§ TASK DIRECTIONS: Print out each entry below exactly; do not carry over any image.

§ MATERIAL FOR THIS EXERCISE:
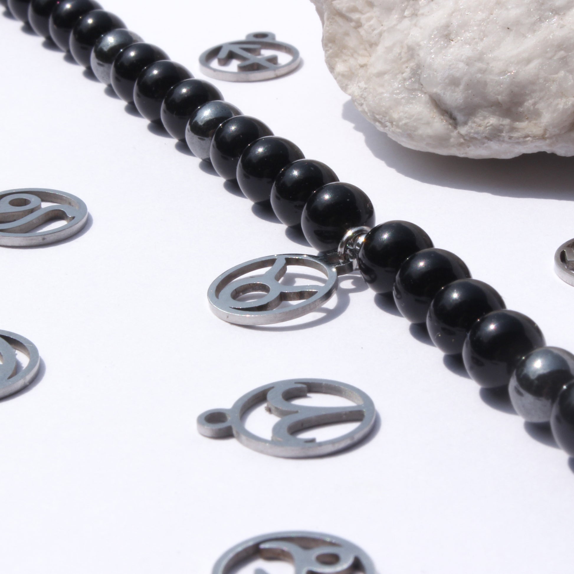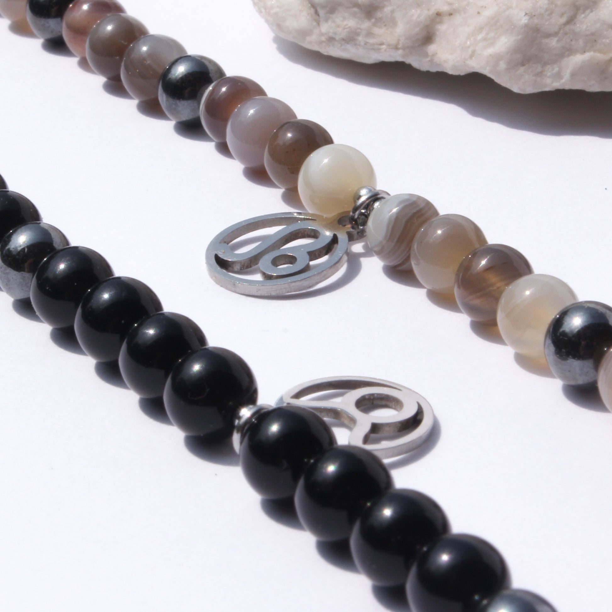 Bracelet artisanal en pierre semi-précieuse et finitions en acier inoxydable.
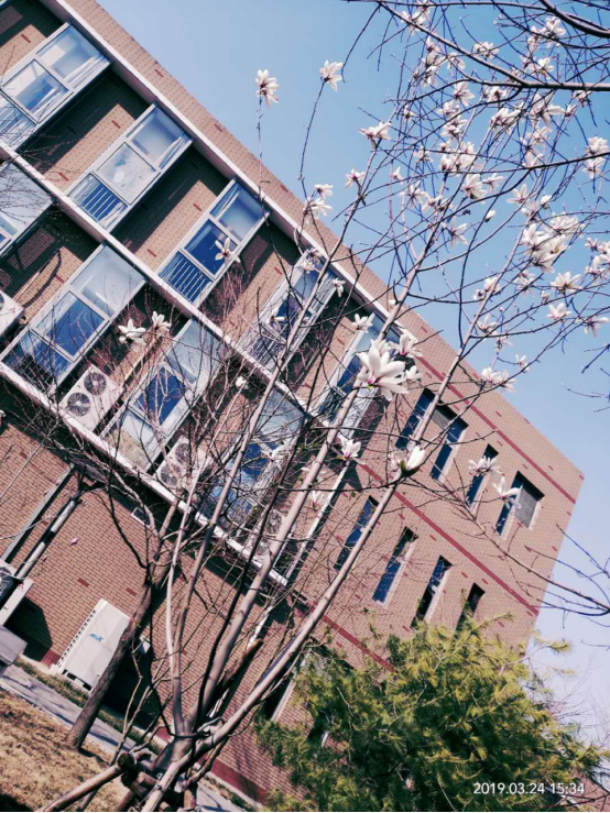 教學樓前面的小樹開了不少鮮艷的花,像一個個害羞的玉女,散發出一陣陣淡淡的清香,
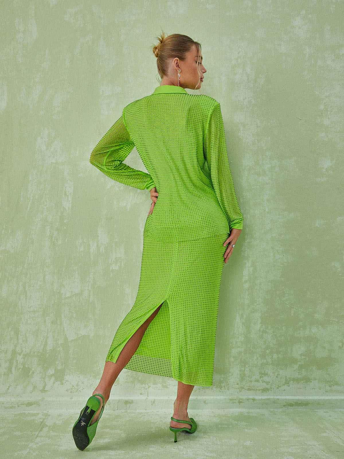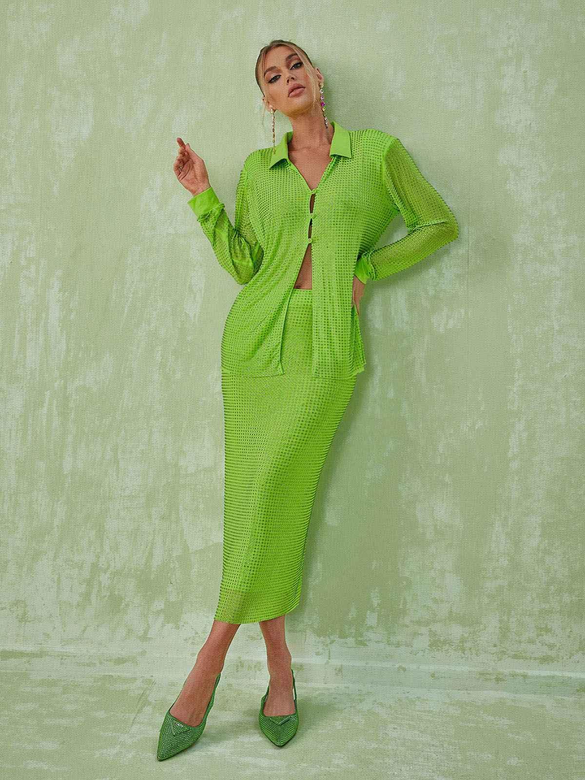 The Neriah Crystal Embellished Set is the perfect combination of comfort and style. Made with luxurious crystal embellishments, a long sleeve shirt, and midi skirt, this elegant set will make you stand out at any event.
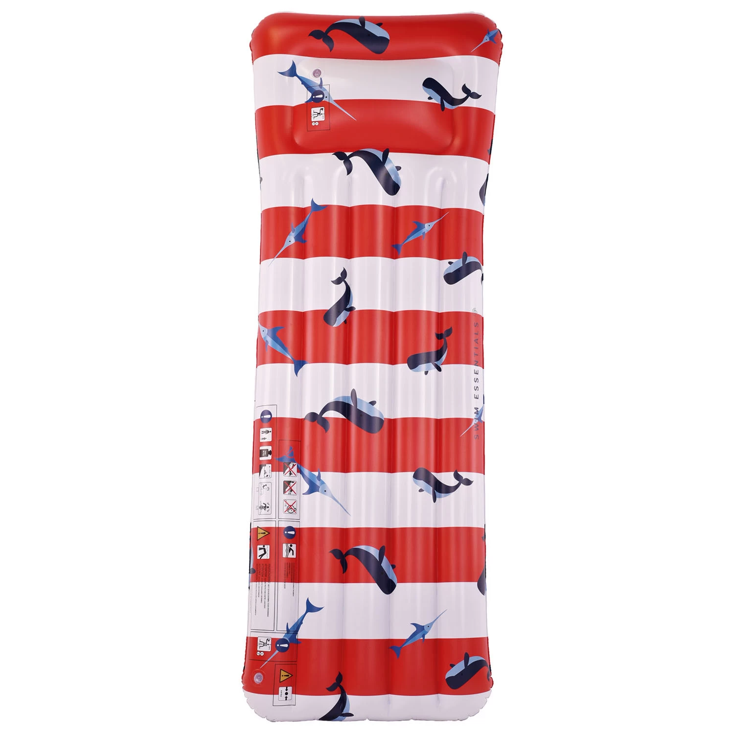 Swim Essentials Luxe Luchtbed in Rood-Wit uitvoering met Walvis-print. Het water luchtbed is hoger en breder dan normale luchtbedden, waardoor het comfort nog groter is! Gemaakt van duurzaam PVC, vrij van schadelijke stoffen. Maximale belastbaarheid 80 kg, geschikt voor kinderen vanaf 6 jaar. De verpakking is gemaakt van gerecycled karton. Wordt geleverd met een reparatiesetje voor nog langere levensduur.
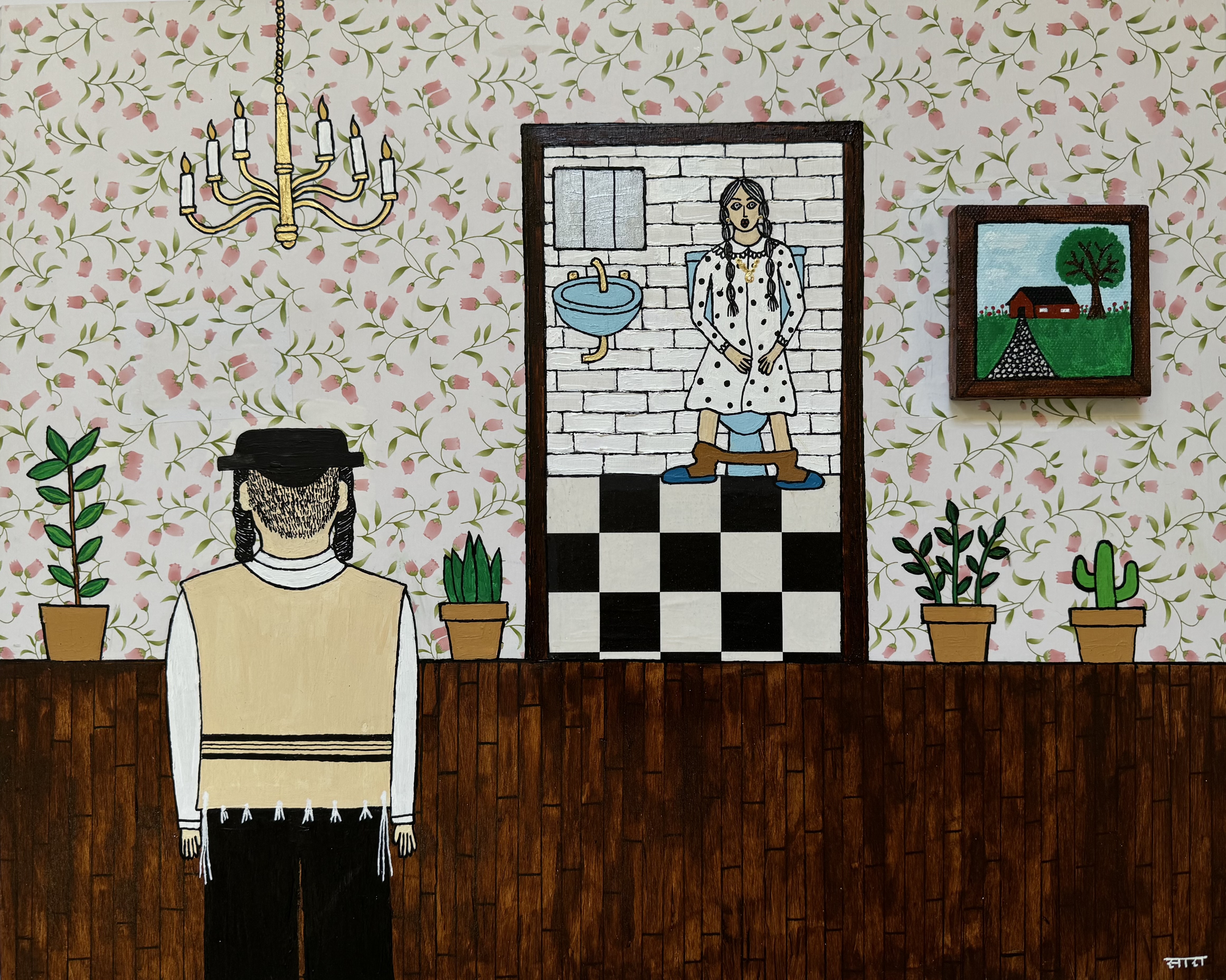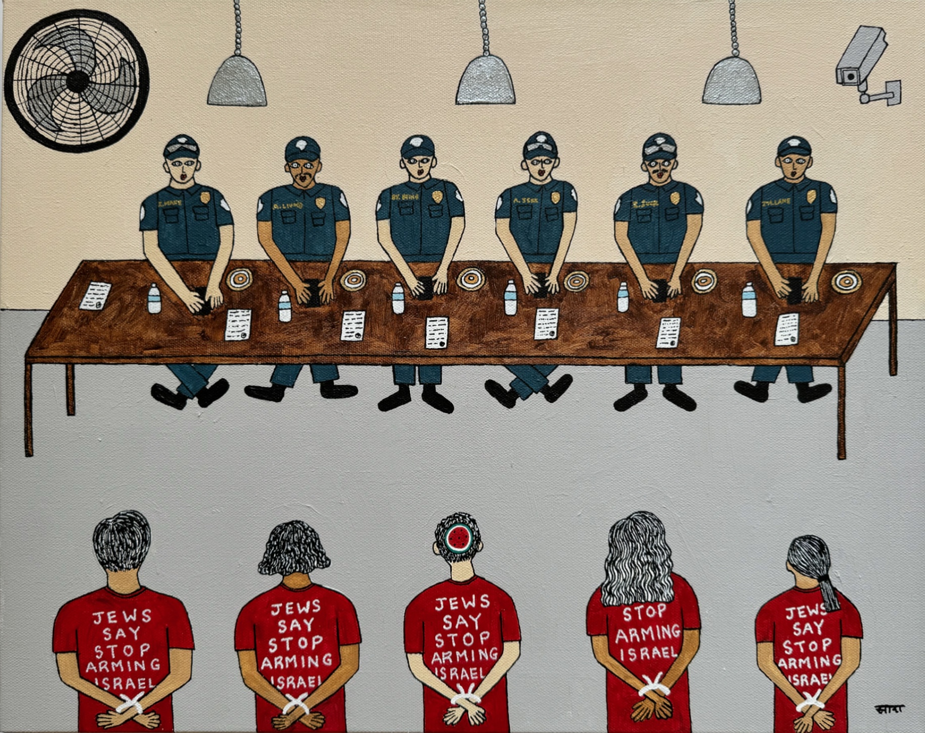 That tension in reflecting on personal religious history echoes in the works contributed by Sara Erenthal, a multimedia artist whose work has appeared across North America, Europe, Asia and Central America. Erenthal’s painting “The Holy Spirit” (2024) confronts her upbringing in an ultra-Orthodox Jewish community in Brooklyn. At seventeen, Erenthal escaped an abusive home to avoid an arranged marriage and spent a decade working odd jobs, eventually traveling the world and developing a daily art practice that began with the personal and over time shifted towards overt political messaging. “No Supper” (2024), Erenthal’s second contributed work, was inspired by a seven-hour detention following an action in Washington DC with Jewish Voice for Peace, the world’s largest Jewish Palestine solidarity organization. The cops processing the arrests, she observed, had nothing to do but sit at a long table, scrolling their phones, a scene that reminded her of the Last Supper. Erenthal’s practice, she’s said, functions as therapy to process a difficult past, and to empower movements for human rights.
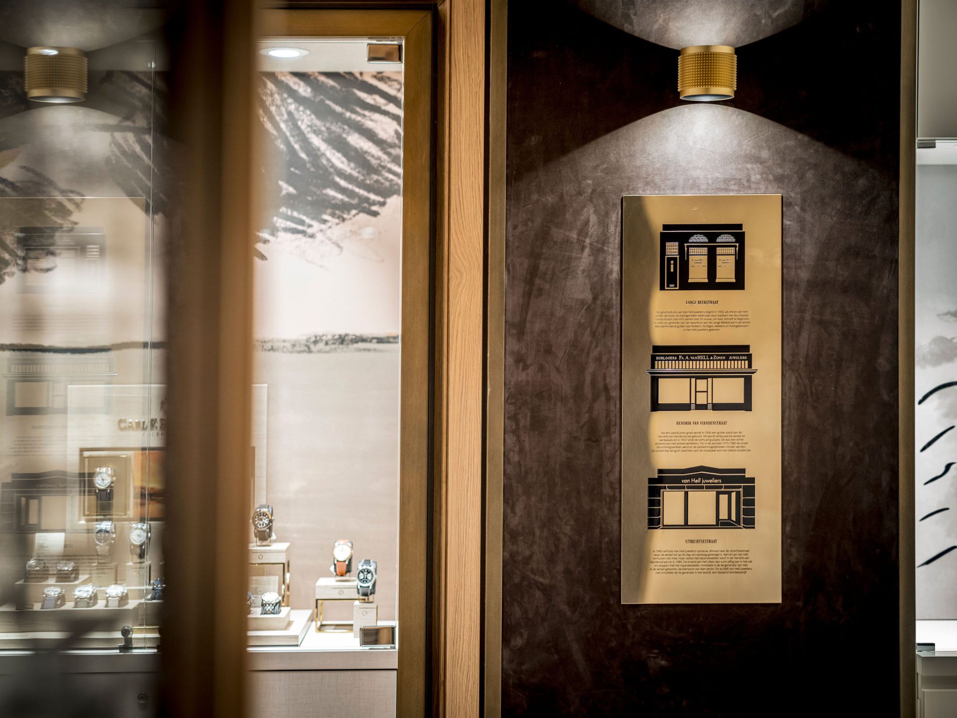 Van Hell ist seit den 1930er Jahren ein etablierter Name in Amersfoort und hat mittlerweile einen guten Ruf im Segment der Haute Couture Jewellers aufgebaut. WSB erhielt die Aufgabe, eine neue passende Ausstrahlung zu entwickeln, die der Kundschaft und der Kollektion gerecht wird. „Modern, warm und mit einem klassischen Touch“ waren die Schlüsselwörter, die maßgeblich waren für den Designprozess. Das vorhandene Budget wurde berücksichtigt, in dem der vordere Teil des (bestehenden) Ladens teilweise intakt gelassen wurde. Dieser sollte jedoch mit dem neuen Gebäudeteil verschmelzen.
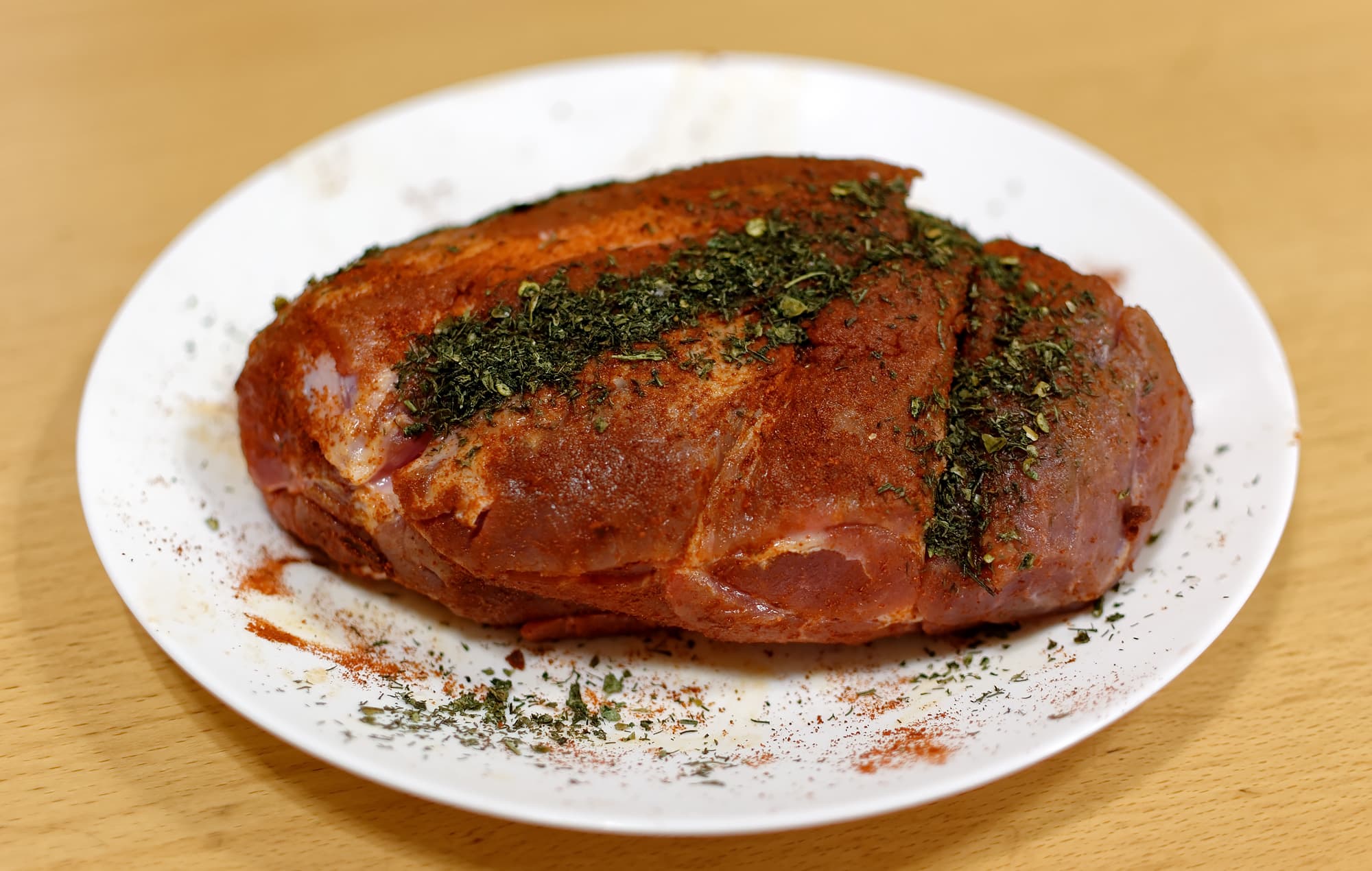 Мы натерли свинину солью и паприкой, добавили «зеленой приправы» из сушеных трав и зеленого чили. Вакуумировали кусок.

§ SOLUTION FOR THIS EXERCISE:
 Bracelet artisanal en pierre semi-précieuse et finitions en acier inoxydable.
 教學樓前面的小樹開了不少鮮艷的花,像一個個害羞的玉女,散發出一陣陣淡淡的清香,
 The Neriah Crystal Embellished Set is the perfect combination of comfort and style. Made with luxurious crystal embellishments, a long sleeve shirt, and midi skirt, this elegant set will make you stand out at any event.
 Swim Essentials Luxe Luchtbed in Rood-Wit uitvoering met Walvis-print. Het water luchtbed is hoger en breder dan normale luchtbedden, waardoor het comfort nog groter is! Gemaakt van duurzaam PVC, vrij van schadelijke stoffen. Maximale belastbaarheid 80 kg, geschikt voor kinderen vanaf 6 jaar. De verpakking is gemaakt van gerecycled karton. Wordt geleverd met een reparatiesetje voor nog langere levensduur.
 That tension in reflecting on personal religious history echoes in the works contributed by Sara Erenthal, a multimedia artist whose work has appeared across North America, Europe, Asia and Central America. Erenthal’s painting “The Holy Spirit” (2024) confronts her upbringing in an ultra-Orthodox Jewish community in Brooklyn. At seventeen, Erenthal escaped an abusive home to avoid an arranged marriage and spent a decade working odd jobs, eventually traveling the world and developing a daily art practice that began with the personal and over time shifted towards overt political messaging. “No Supper” (2024), Erenthal’s second contributed work, was inspired by a seven-hour detention following an action in Washington DC with Jewish Voice for Peace, the world’s largest Jewish Palestine solidarity organization. The cops processing the arrests, she observed, had nothing to do but sit at a long table, scrolling their phones, a scene that reminded her of the Last Supper. Erenthal’s practice, she’s said, functions as therapy to process a difficult past, and to empower movements for human rights.
 Van Hell ist seit den 1930er Jahren ein etablierter Name in Amersfoort und hat mittlerweile einen guten Ruf im Segment der Haute Couture Jewellers aufgebaut. WSB erhielt die Aufgabe, eine neue passende Ausstrahlung zu entwickeln, die der Kundschaft und der Kollektion gerecht wird. „Modern, warm und mit einem klassischen Touch“ waren die Schlüsselwörter, die maßgeblich waren für den Designprozess. Das vorhandene Budget wurde berücksichtigt, in dem der vordere Teil des (bestehenden) Ladens teilweise intakt gelassen wurde. Dieser sollte jedoch mit dem neuen Gebäudeteil verschmelzen.
 Мы натерли свинину солью и паприкой, добавили «зеленой приправы» из сушеных трав и зеленого чили. Вакуумировали кусок.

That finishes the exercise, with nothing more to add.